- _Collection entries_
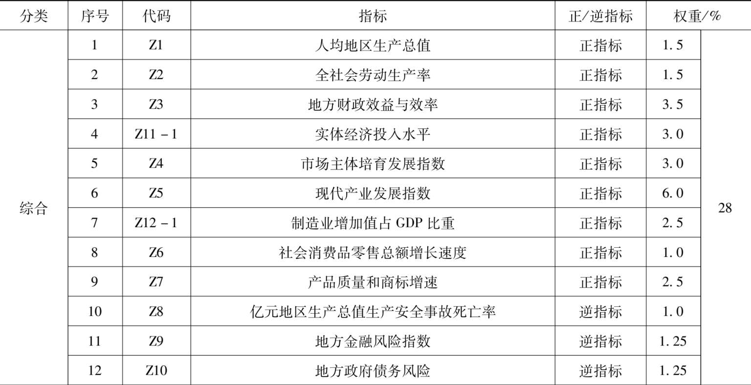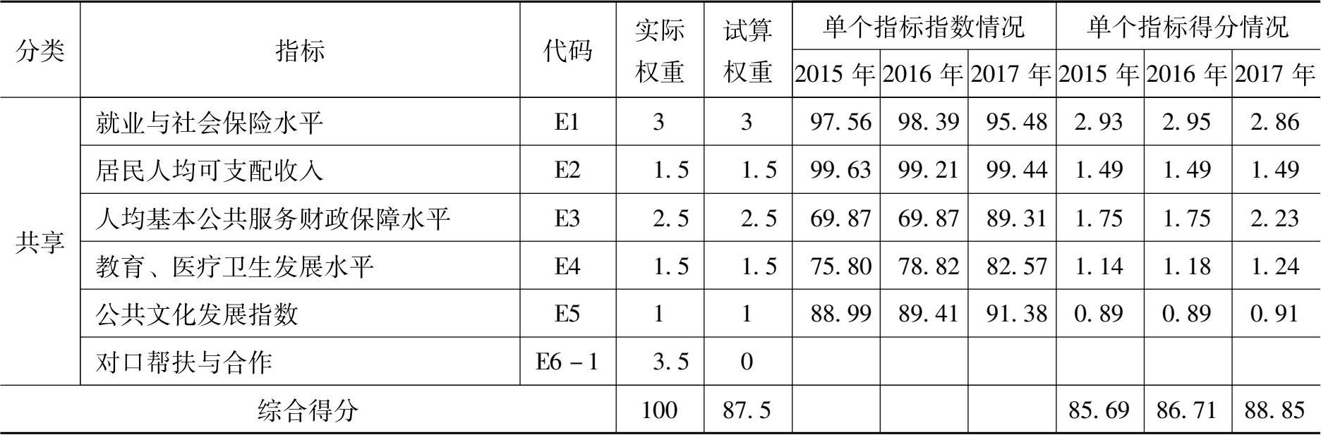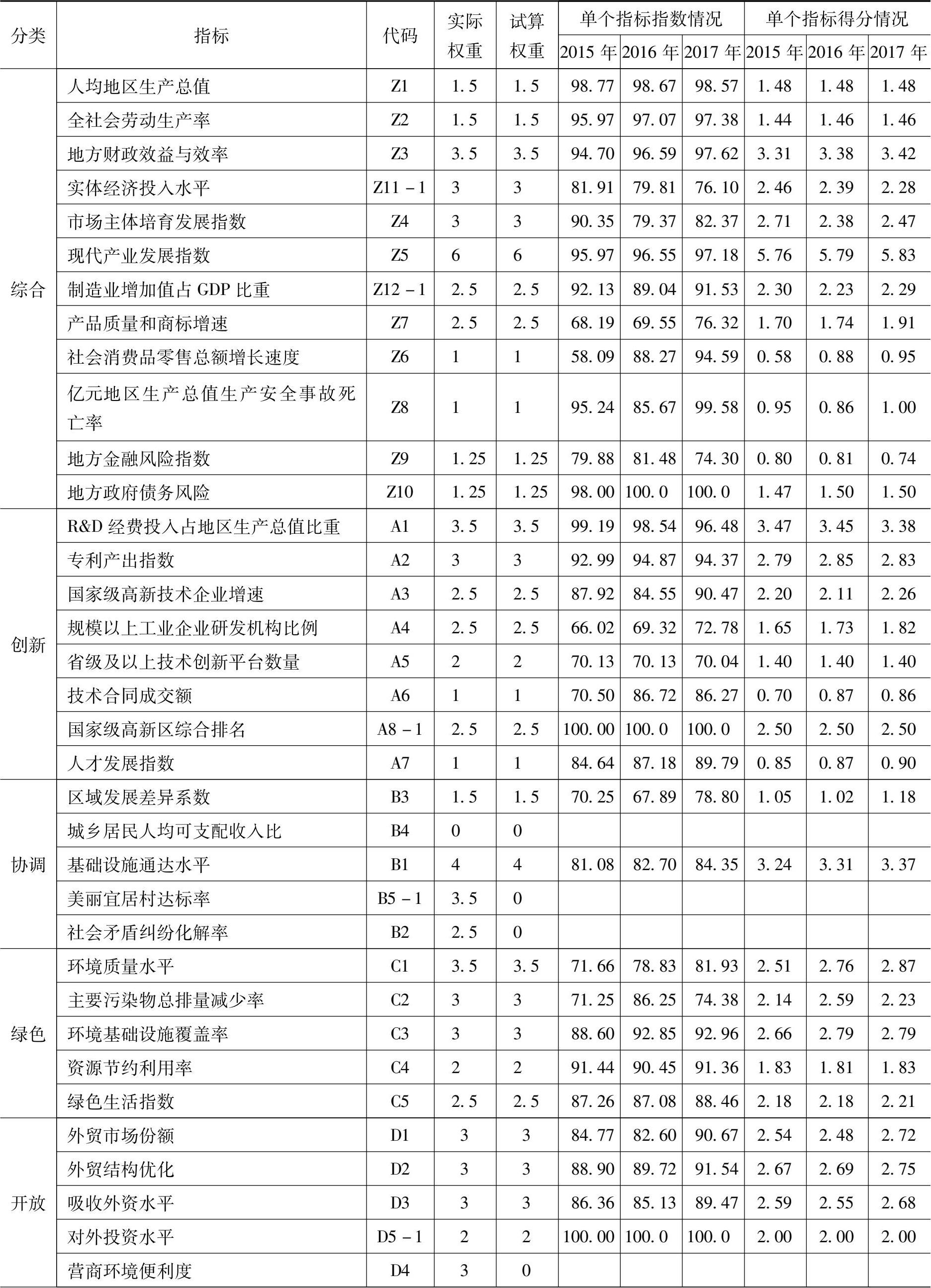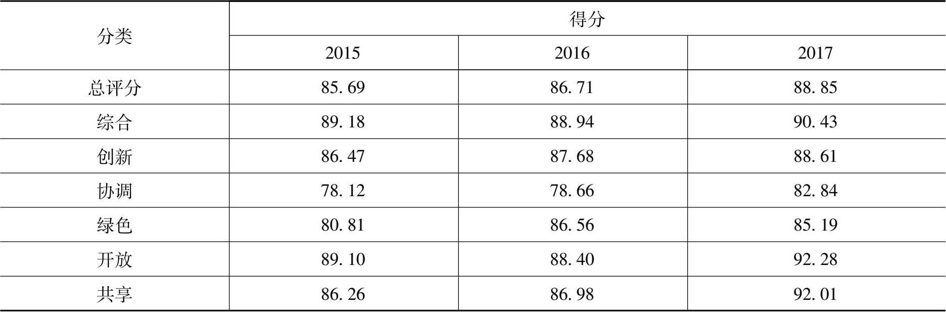 表1.8 2015—2017年深圳高质量综合绩效评价指标结果
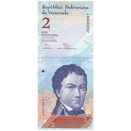 Ön Yüz Francisco de Miranda Portresi Üstte ve altta Mezhep 2 İspanyol Bolivarcı Venezuela Cumhuriyeti Yazıtı Banka şubelerinde hamiline ödenecek iki bolivar Ters Yunuslar Sol arması Sağ alt köşede Mezhep 2 İspanyol Venezuela Merkez Bankası Yazıtı İki bolivar Ülke: VenezuelaGxDxY: 157x70x1Ağırlık: 0,00 1Mezhep : 2 bolivar Basım türü: Dolaşım için Malzeme: Kağıt Yılı: 2012 Koruma durumu: ÇİL
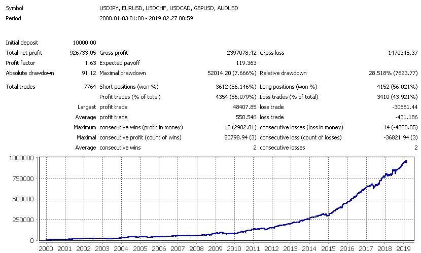 Ниже я приведу сводные таблицы для каждого этапа построения системы для USDCHF, GBPUSD, EURUSD, USDJPY, USDCAD и AUDUSD, а также совмещенные тесты.
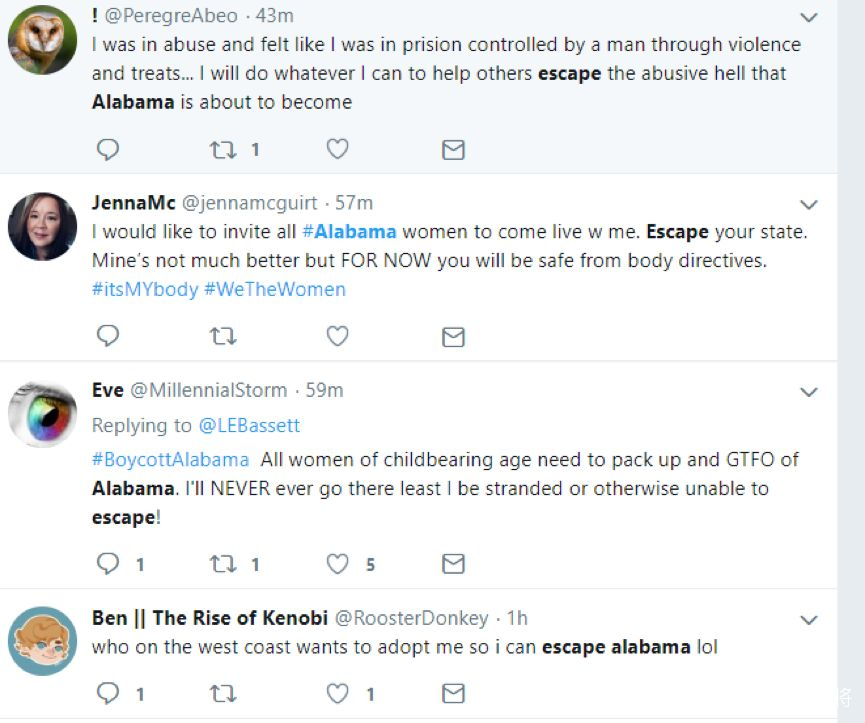 還有不少來自阿拉巴馬州的女性則表示他們將用腳投票,逃離這個可怕的地方:
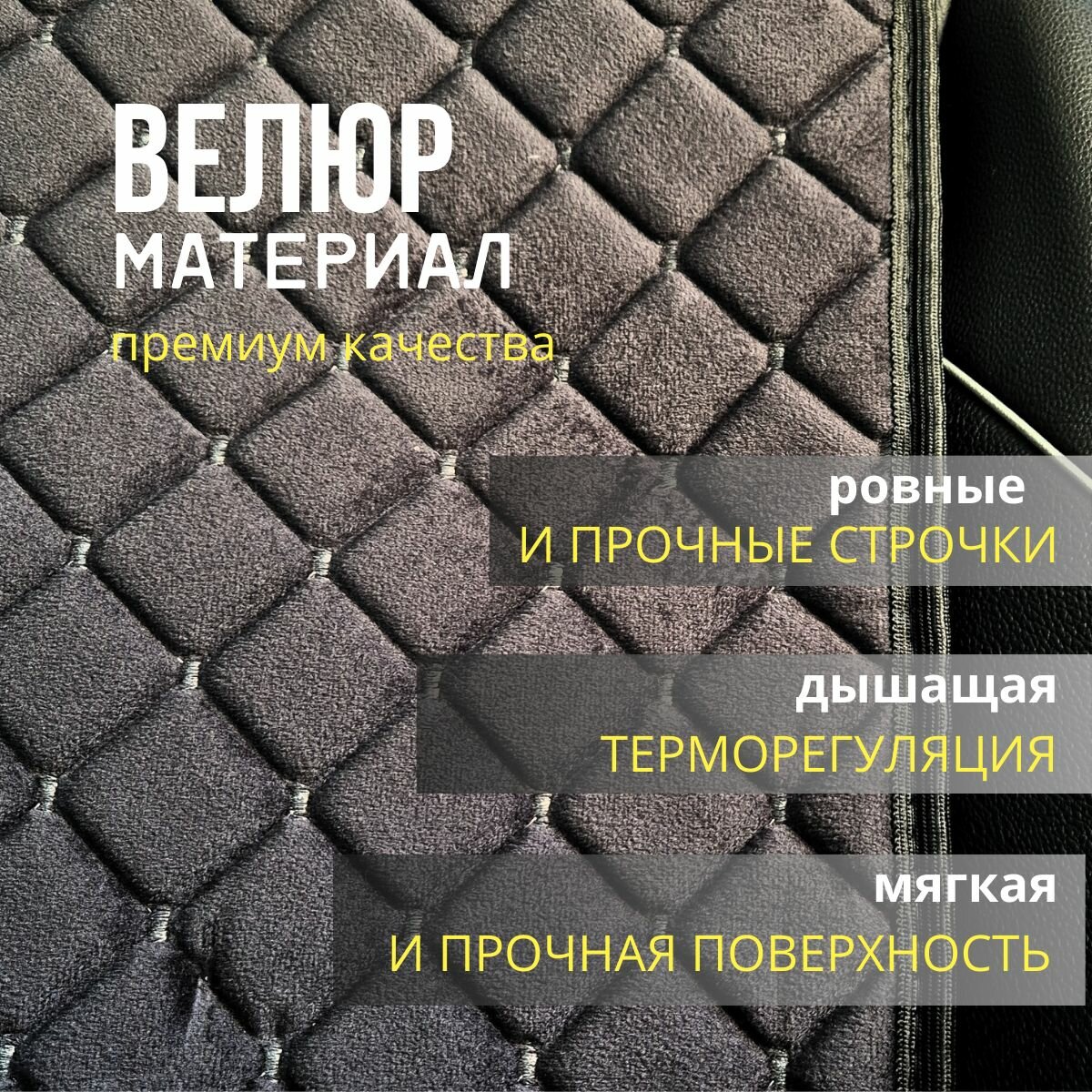 Накидки для Хендай Акцент (1999 - 2012) хэтчбек 3 двери / Hyundai Accent на весь салон, ромб, Велюр, Черный с серой строчкой интересное:
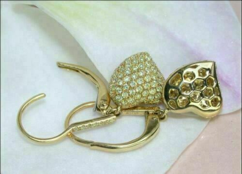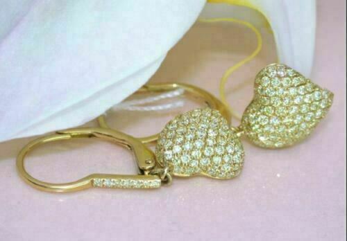 2Ct Round Cut Diamond Heart Shape Drop/Dangle Earrings 14K Yellow Gold Finish
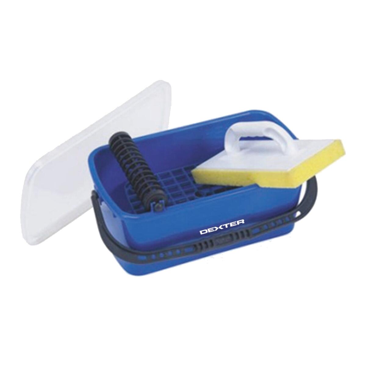 Completo di griglia, rullo cavo, frattazzo in spugna, coperchio. Capacità 10 L.. Ideale per il lavaggio delle fughe e piastrelle.
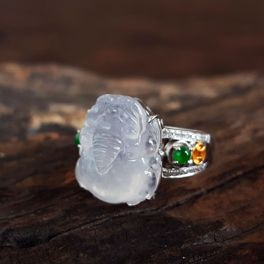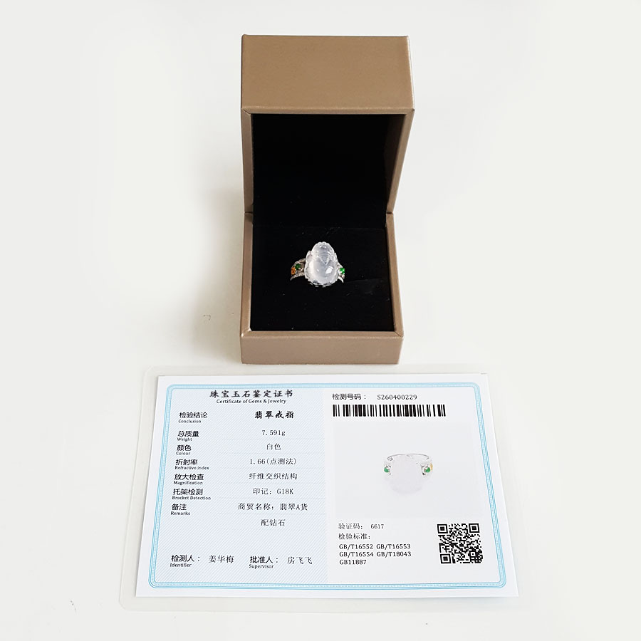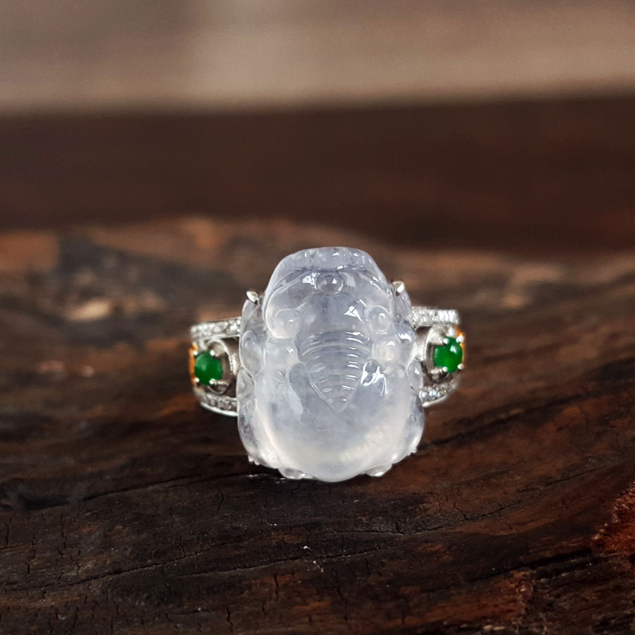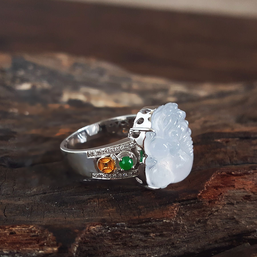 名称 | AU750收藏级白金镶钻镶天然细腻白色冰种瑞兽翡翠戒指 |

- _What is being asked_
Every line from the first line of the entries above through the line with "Ön Yüz Francisco" must be repeated exactly, and pictures must not be.

- _Final answer_
 表1.8 2015—2017年深圳高质量综合绩效评价指标结果
 Ön Yüz Francisco de Miranda Portresi Üstte ve altta Mezhep 2 İspanyol Bolivarcı Venezuela Cumhuriyeti Yazıtı Banka şubelerinde hamiline ödenecek iki bolivar Ters Yunuslar Sol arması Sağ alt köşede Mezhep 2 İspanyol Venezuela Merkez Bankası Yazıtı İki bolivar Ülke: VenezuelaGxDxY: 157x70x1Ağırlık: 0,00 1Mezhep : 2 bolivar Basım türü: Dolaşım için Malzeme: Kağıt Yılı: 2012 Koruma durumu: ÇİL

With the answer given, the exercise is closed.